GIVEN INFORMATION.
- - - -
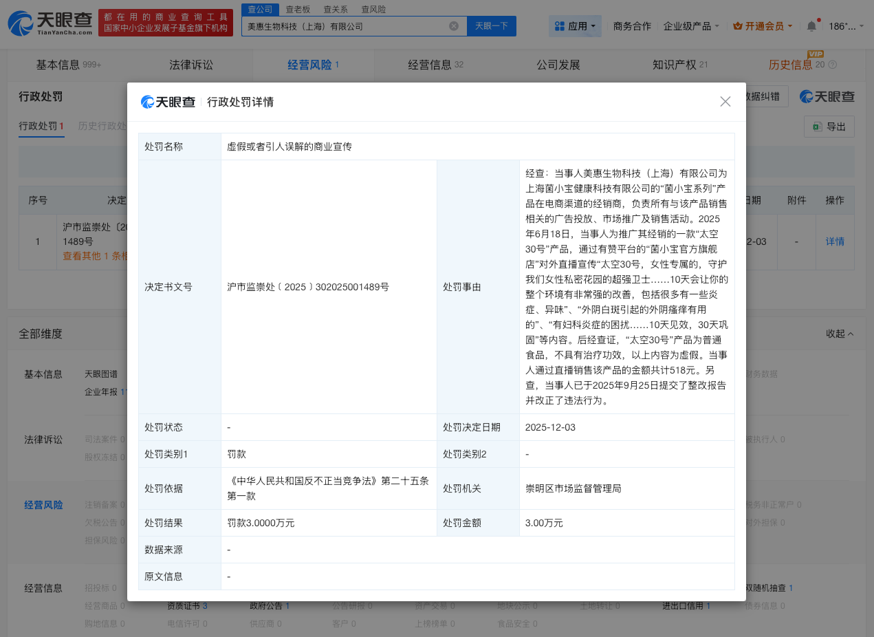 据报道,因宣称可改善妇科炎症等不实内容,日前,益生菌品牌菌小宝电商渠道经销商美惠生物科技(上海)有限公司被上海市崇明区市场监督管理局罚款3万元。
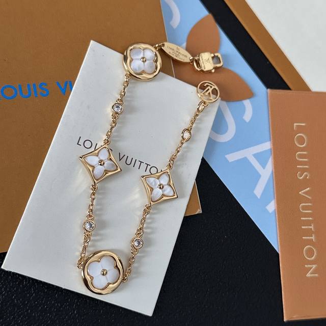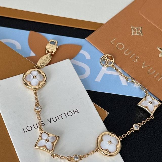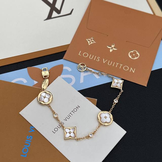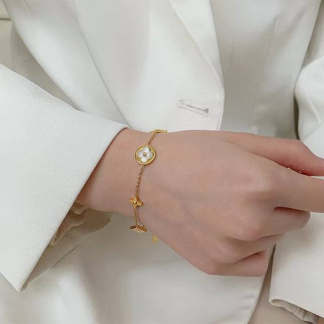 Louis Vuitton LV gold natural white mother-of-pearl bracelet. The natural mother-of-pearl is super shiny and high-end. Look at the monogram pattern, it's different from the fresh and sweet style. It's perfect for occasions that require a strong presence. It's also a very classy gift. A must-have for socialites, influencers, and goddesses. It looks amazing with natural mother-of-pearl.
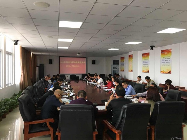 为贯彻落实蚌埠市教育局关于职业教育工作的指示精神,切实做好2018年蚌埠职业学校招生工作,5月9日下午,市教育局职成科在我校召开了“2018年蚌埠职业教育宣讲团宣讲人员培训会”。市教育局职成科赵媛珺老师、我校招生分管校长陈劲松同志、蚌埠市各中职学校招办主任及宣讲人员40余人参加培训会。
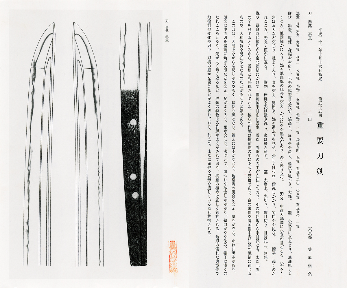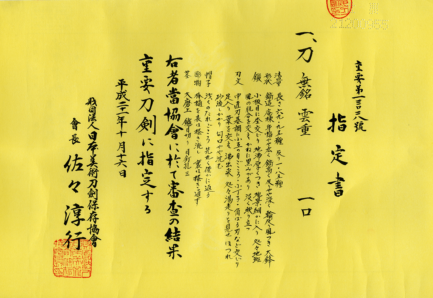Shape : Wide and thick blade with large Sori. The Ookissaki blade.
- - - -
TRY IT. Output the material word for word, omitting its pictures.

WRITTEN ANSWER.
 据报道,因宣称可改善妇科炎症等不实内容,日前,益生菌品牌菌小宝电商渠道经销商美惠生物科技(上海)有限公司被上海市崇明区市场监督管理局罚款3万元。
 Louis Vuitton LV gold natural white mother-of-pearl bracelet. The natural mother-of-pearl is super shiny and high-end. Look at the monogram pattern, it's different from the fresh and sweet style. It's perfect for occasions that require a strong presence. It's also a very classy gift. A must-have for socialites, influencers, and goddesses. It looks amazing with natural mother-of-pearl.
 为贯彻落实蚌埠市教育局关于职业教育工作的指示精神,切实做好2018年蚌埠职业学校招生工作,5月9日下午,市教育局职成科在我校召开了“2018年蚌埠职业教育宣讲团宣讲人员培训会”。市教育局职成科赵媛珺老师、我校招生分管校长陈劲松同志、蚌埠市各中职学校招办主任及宣讲人员40余人参加培训会。
Shape : Wide and thick blade with large Sori. The Ookissaki blade.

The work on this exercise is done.